Law of large numbers and random walk#

Applying the formulas to random walk model we get mean and variance for single step

\[E[X_1] = \theta \cdot 1 + (1-\theta) \cdot (-1) = 2\theta-1\]
\[V[X_1] = E[X^2_1] - E[X_1]^2 = \theta \cdot 1^2+ (1-\theta) (-1)^2 - (2\theta-1)^2 = 4 \theta(1-\theta)\]

Since steps of a random walker are independent we can compute the variance of a total displacement by multiplying mean and varaince of a single step by N

\[E[x]=N(2\theta -1)\]
\[V[x]=N\bar{\sigma^2_1} = 4N\theta (1-\theta)\]

The variance of the mean \(\bar{x} = x/N\) would then be:

\[V[\bar{x}] = \frac{4\theta (1-\theta)}{N}\]

Simulating a 1D unbiased random walk#

  • Each random walker will be modeled by a random variable \(X_i\), assuming +1 or -1 values at every step. We will run N random walkers (rows) over n steps (columns)

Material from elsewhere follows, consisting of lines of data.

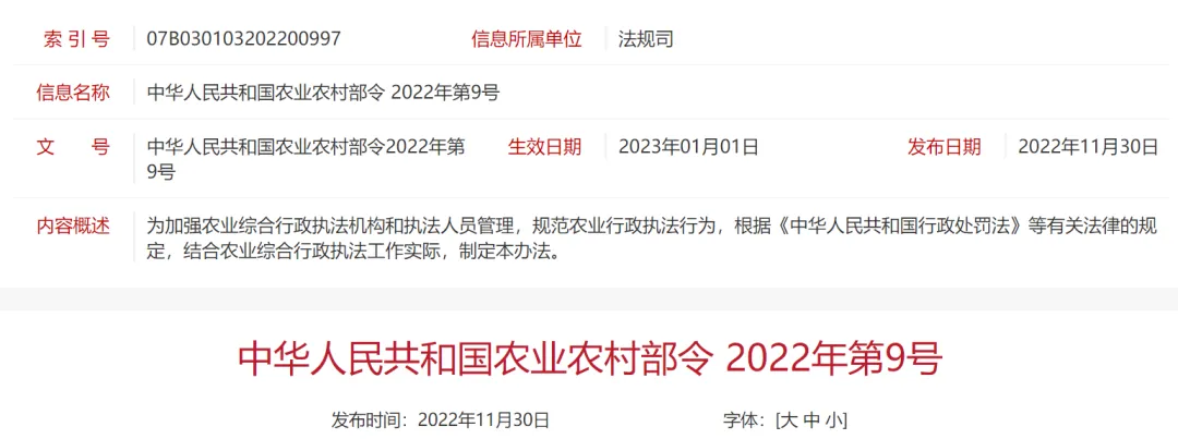 《农业综合行政执法管理办法》农业农村部令 2022年第9号
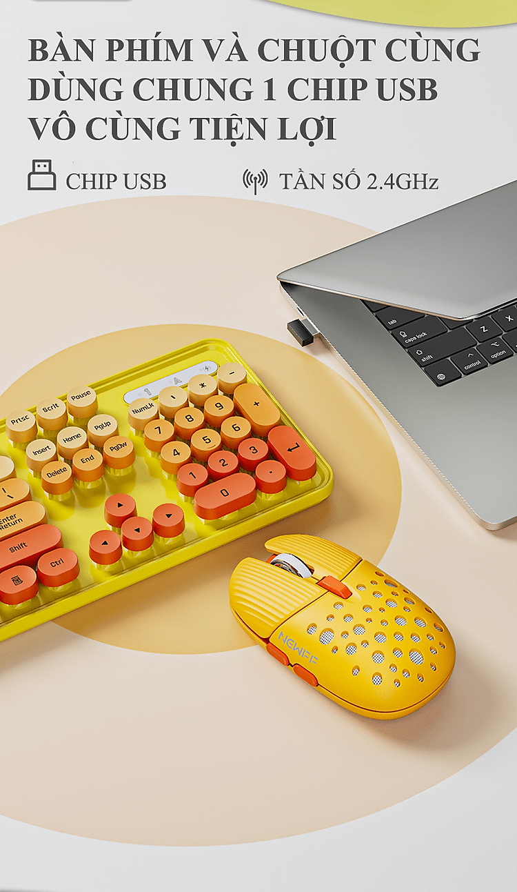 - Bộ bàn phím chuột không dây EF128 được thiết kế dễ thương, hiện đại với sự kết hợp của nhiều màu sắc mang lại sự trải nghiệm mới mẻ.
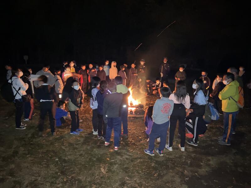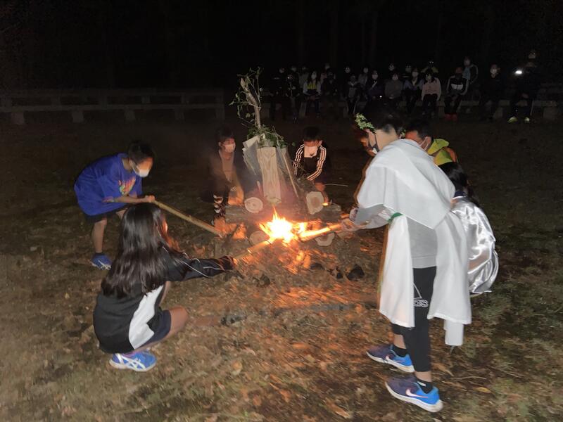 夜はキャンプファイヤー。綺麗な星空の下で班ごとに出し物を行いました。
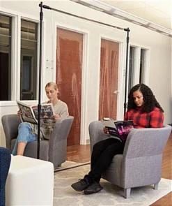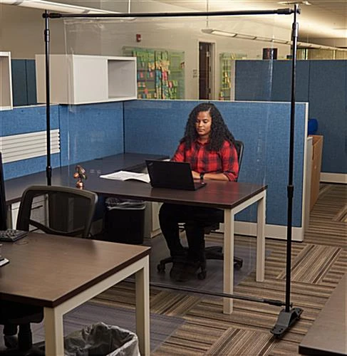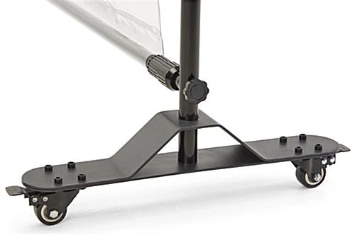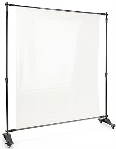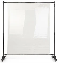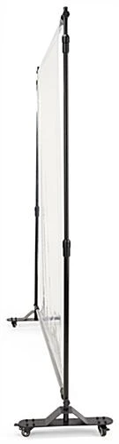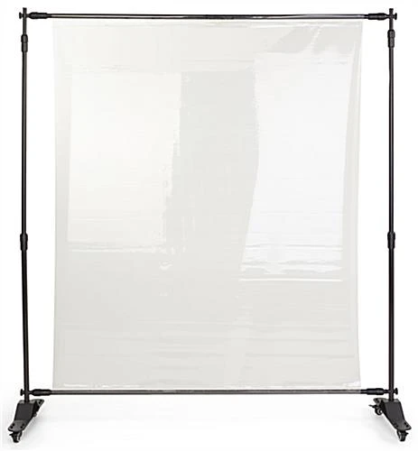This clear room divider features a 4.6 ft x 6 ft tear-resistant PVC screen and an adjustable aluminum frame offering versatility in end-use from hightops and waiting rooms to classrooms and exhibit booths. The sneeze guard’s four directional wheels with locks allow this unit to be maneuvered with ease throughout your office space. Our portable clear room divider offers stability and longevity with a black oxide aluminum frame and a durable banner substrate. The transparent PVC screen makes for easy conversation between co-workers, patients and doctors, students and teachers, and more. Easily transport this unit to your next event with the convenient knock-down design and carrying case. Our clear room divider with wheels will be the perfect sneeze guard solution for offices, nail salons, beauty parlors, exhibit booths, and more!
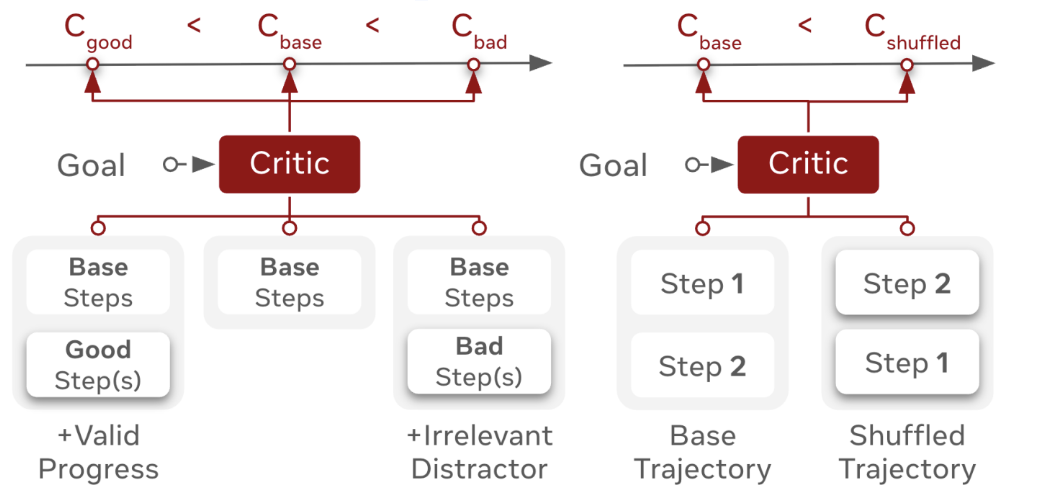 - critic (cost model), a small LM which is trained in a self‑supervised way to assign lower cost to valid progress and higher cost to distractors or shuffled steps.
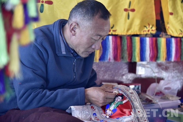 圖為(wei) 2021年4月拍攝的西藏自治區非物質文化遺產(chan) 項目拉薩堆繡唐卡代表性傳(chuan) 承人羅布正在製作堆繡唐卡 攝影:王媛媛
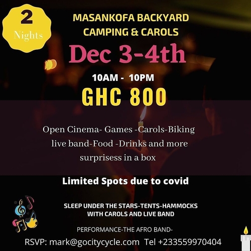 The Masankofa camping and carols is a two-day event in Peduase on the road towards Aburi in the formal Masankofa Hotel, it's going to be having multiple event lineups for 2 straight days offering the options of real tent camping experience and a hotel room stays.
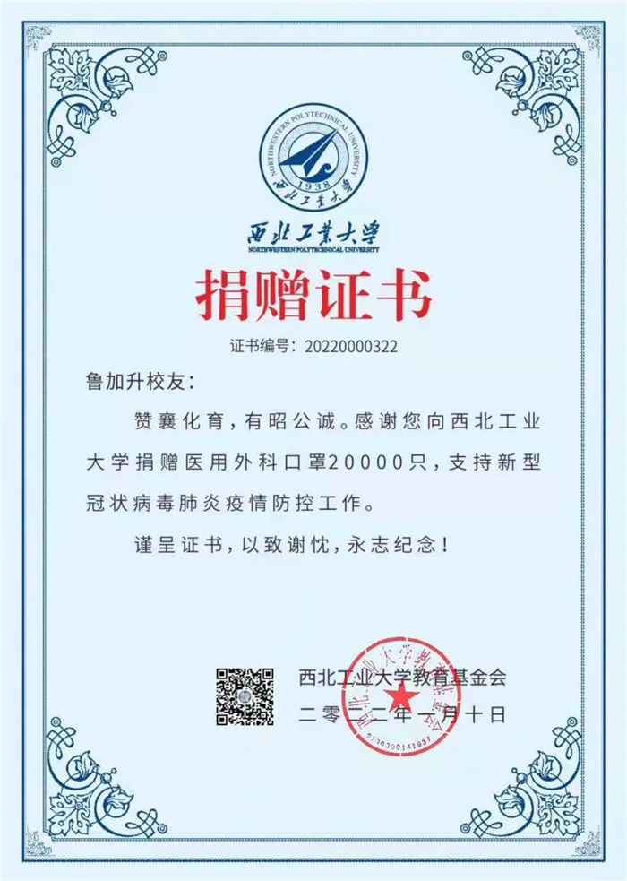 在母校疫情的关键时刻,他将一份沉甸甸的爱心捐赠给自己曾经学习的自动化学院!他第一时间联系厂家和车辆并以最快的速度将20000只口罩从厦门连夜专车运往陕西省西北工业大学。不仅如此,他还发动厦门校友共同为母校捐赠。
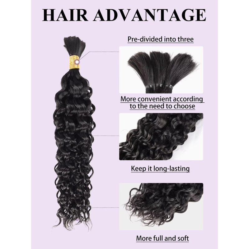 • Long Duration: Due to its high-quality real hair composition, human braiding hair wet and wavy is exceptionally durable, maintaining its aesthetic appeal for extended periods. This ensures you can confidently wear these hairstyles without worrying about premature damage or shedding.

  • We then take cumulative sum over n steps thereby summing n random variables for N walkers. This will be done via a convenient np.cumsum() method.

def rw_1d(n, N):
    '''
    n: Number of steps
    N: Number of walkers
    returns np.array with shape (n, N) 
    '''
    
    # Create random walks 
    r  = np.random.choice([-1,1], size=(n, N))
    
    #Sum over n steps
    rw = r.cumsum(axis=0)

    #Set initial position 
    rw[0,:]=0 
    
    return rw
rw = rw_1d(2000, 1000)

print(rw.shape)
(2000, 1000)
plt.plot(rw[:,:3]) # plot a few random walkers
plt.ylabel('X, displacement')
plt.xlabel('n, steps')
Text(0.5, 0, 'n, steps')
../_images/f5457d80921511ac4690fcbc179e6ac974b0a3f828d71735c8d7a335f409e3b3.png
from scipy import stats
# Simulate 1D random walk
n_max = 1000
N     = 1000 
rw    = rw_1d(n_max, N)

def rw_plotter(t=1):
    
    fig, ax = plt.subplots(nrows=2)

    ### plot random walk
    ax[0].plot(rw)
    ax[0].axvline(x=t, color='black', linestyle='-', lw=2)
   
    ## Plot gaussian with width t**0.5
    ax[1].hist(rw[t, :], 
               color='orange', 
               density=True, 
               label=f'time={t}')
    
    x = np.linspace(rw.min(), rw.max(), 1000)
    y = stats.norm.pdf(x, 0, np.sqrt(t))
    ax[1].plot(x, y, 
               color='black', 
               lw=2, 
               label='normal')  

    ax[0].set_xlabel('X')
    ax[0].set_ylabel('t')
    ax[0].set_title('RW trajectries');
    ax[1].set_xlabel('X')
    ax[1].set_ylabel('p(x)')
    
    ax[1].set_xlim([-100, 100])
    ax[1].legend()
    ax[1].set_title('$\sigma/t$='+f'{np.var(rw[t, :])/t:.3f}')
    fig.tight_layout()
    plt.show()
interactive( rw_plotter, t=(1, n_max-1) )

Question

Would sample mean get more accurate or less as a function of time?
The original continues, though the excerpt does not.